## INPUT DATA
::::

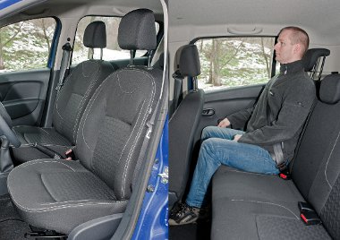 Az első ülések hozzák az elvárható komfortot, talán a lapjuk lehetne valamivel hosszabb. Az első elektromos ablakmozgatás kapcsolóit a középkonzolba integrálták, a hátsókat pedig a két első ülés közé – egyik sem esik kézre. A Renault raktárán maradhatott egy nagyobbacska szállítmány a Twingóból ismerős, kürtkapcsolós indexkarból, ennek kezelése is megszokást kíván. A kesztyűtartó mély és nagy, a váltó előtt dupla pohártartó, apró szépséghiba, hogy a kitüremkedő középkonzol miatt a félliteres palackokat csak enyhén döntve tudjuk elhelyezni. A szellőzés hatásos, de a ventilátor 1-es állásnál nagyobb fokozatban már zajos. A második sorban bőséges hely várja az utasokat, ami nem csoda, hiszen 2580 mm-es a tengelytáv. Alkalomadtán hátra akár hárman is beülhetnek, a fejtámaszok kellően magasra húzhatók ki, a középső padlóborda pedig alacsony.
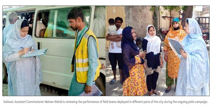 Assistant Commissioner Maham Wahid visited various residential areas and bus and wagon stands to review the performance of field teams of Tehsil Sahiwal in connection with the ongoing polio campaign across the district.
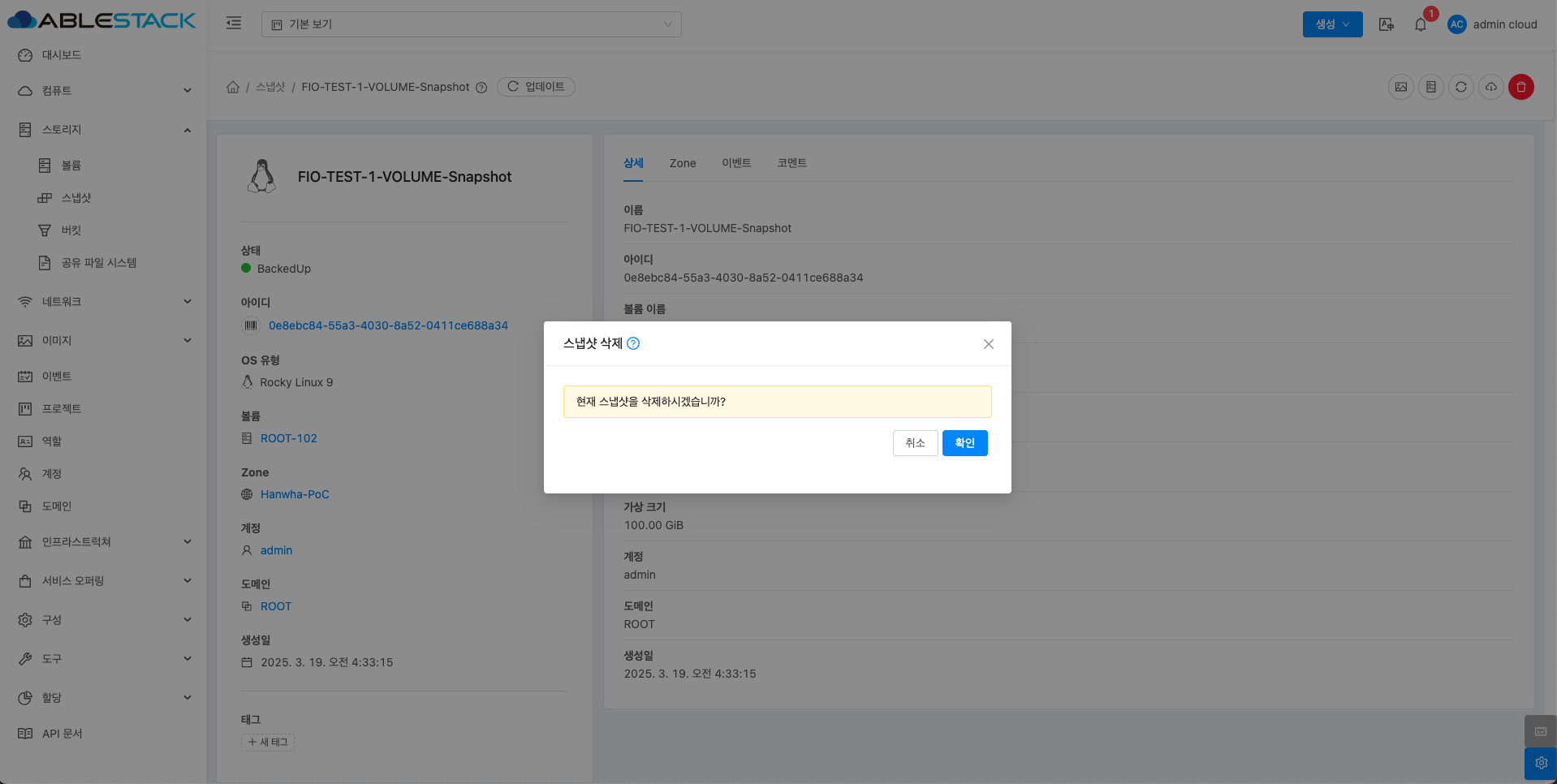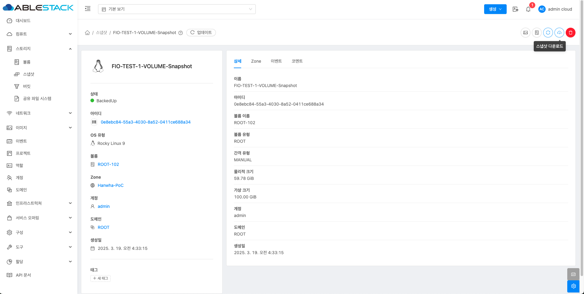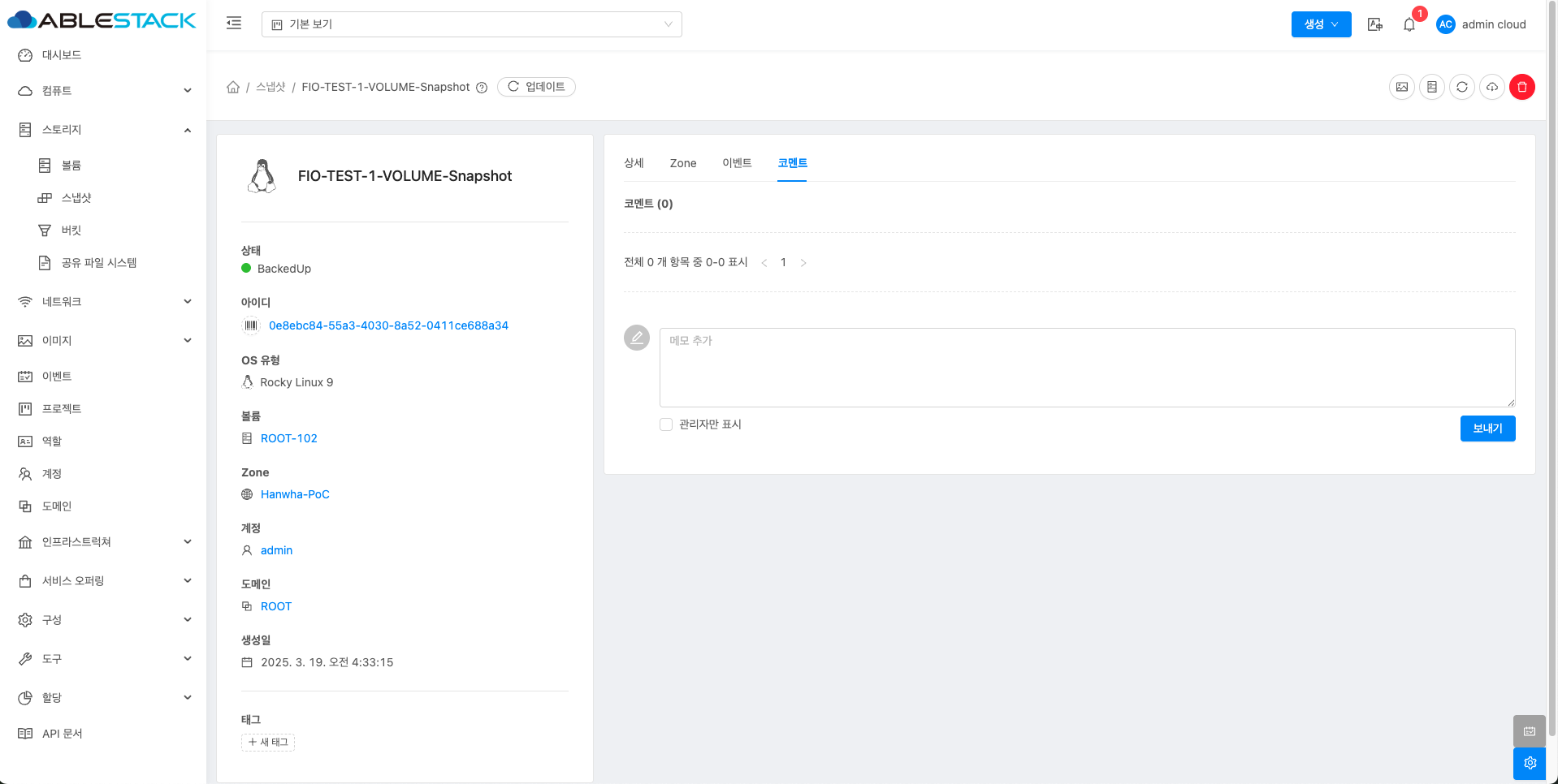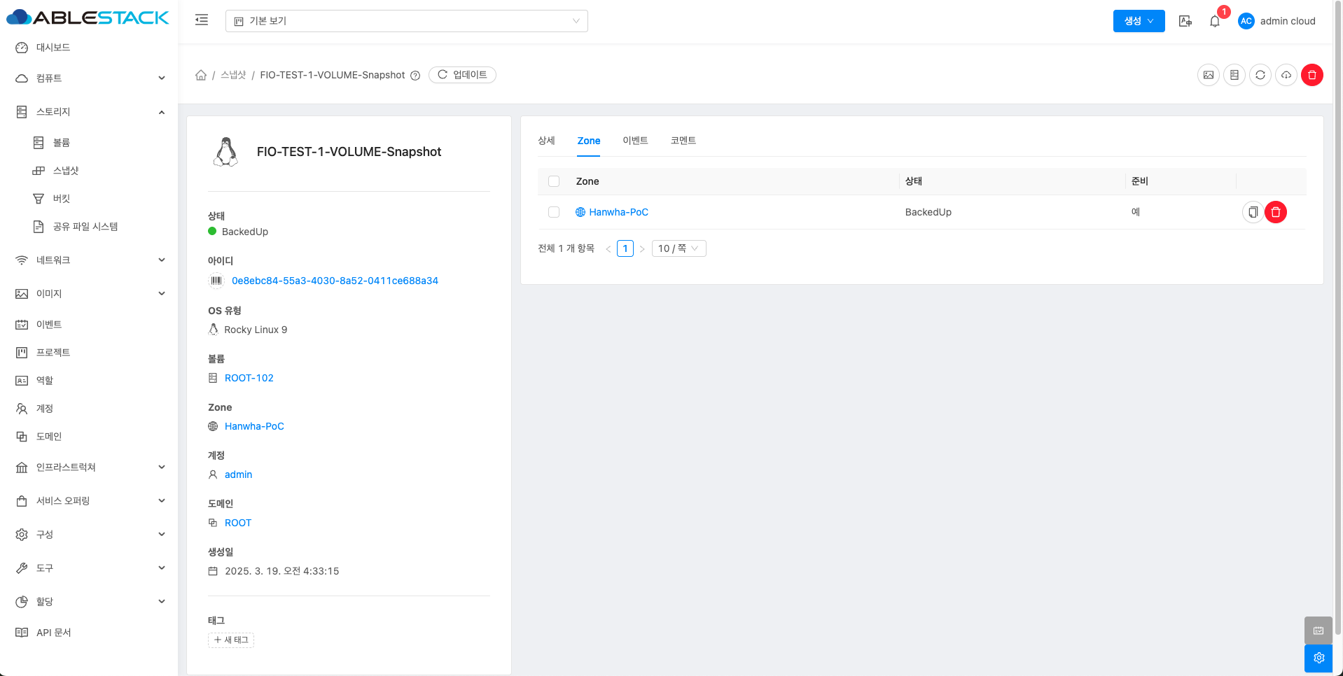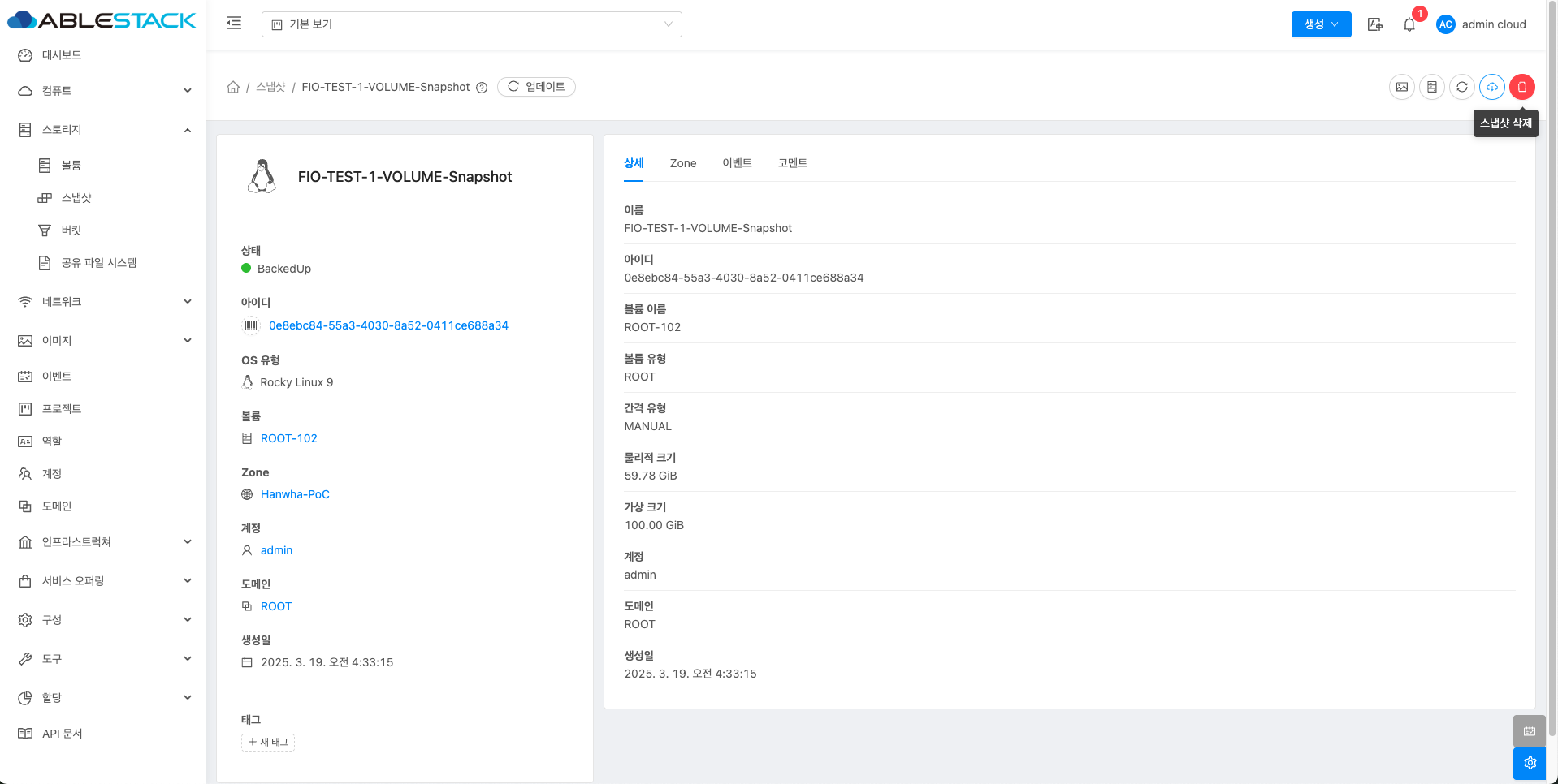 - 생성된 볼륨 스냅샷은 스토리지의 스냅샷 목록에서 확인하실 수 있습니다.

::::

## TASK REQUIREMENTS
Output all the material above exactly once more, leaving every picture out.

## TASK RESPONSE
 Az első ülések hozzák az elvárható komfortot, talán a lapjuk lehetne valamivel hosszabb. Az első elektromos ablakmozgatás kapcsolóit a középkonzolba integrálták, a hátsókat pedig a két első ülés közé – egyik sem esik kézre. A Renault raktárán maradhatott egy nagyobbacska szállítmány a Twingóból ismerős, kürtkapcsolós indexkarból, ennek kezelése is megszokást kíván. A kesztyűtartó mély és nagy, a váltó előtt dupla pohártartó, apró szépséghiba, hogy a kitüremkedő középkonzol miatt a félliteres palackokat csak enyhén döntve tudjuk elhelyezni. A szellőzés hatásos, de a ventilátor 1-es állásnál nagyobb fokozatban már zajos. A második sorban bőséges hely várja az utasokat, ami nem csoda, hiszen 2580 mm-es a tengelytáv. Alkalomadtán hátra akár hárman is beülhetnek, a fejtámaszok kellően magasra húzhatók ki, a középső padlóborda pedig alacsony.
 Assistant Commissioner Maham Wahid visited various residential areas and bus and wagon stands to review the performance of field teams of Tehsil Sahiwal in connection with the ongoing polio campaign across the district.
 - 생성된 볼륨 스냅샷은 스토리지의 스냅샷 목록에서 확인하실 수 있습니다.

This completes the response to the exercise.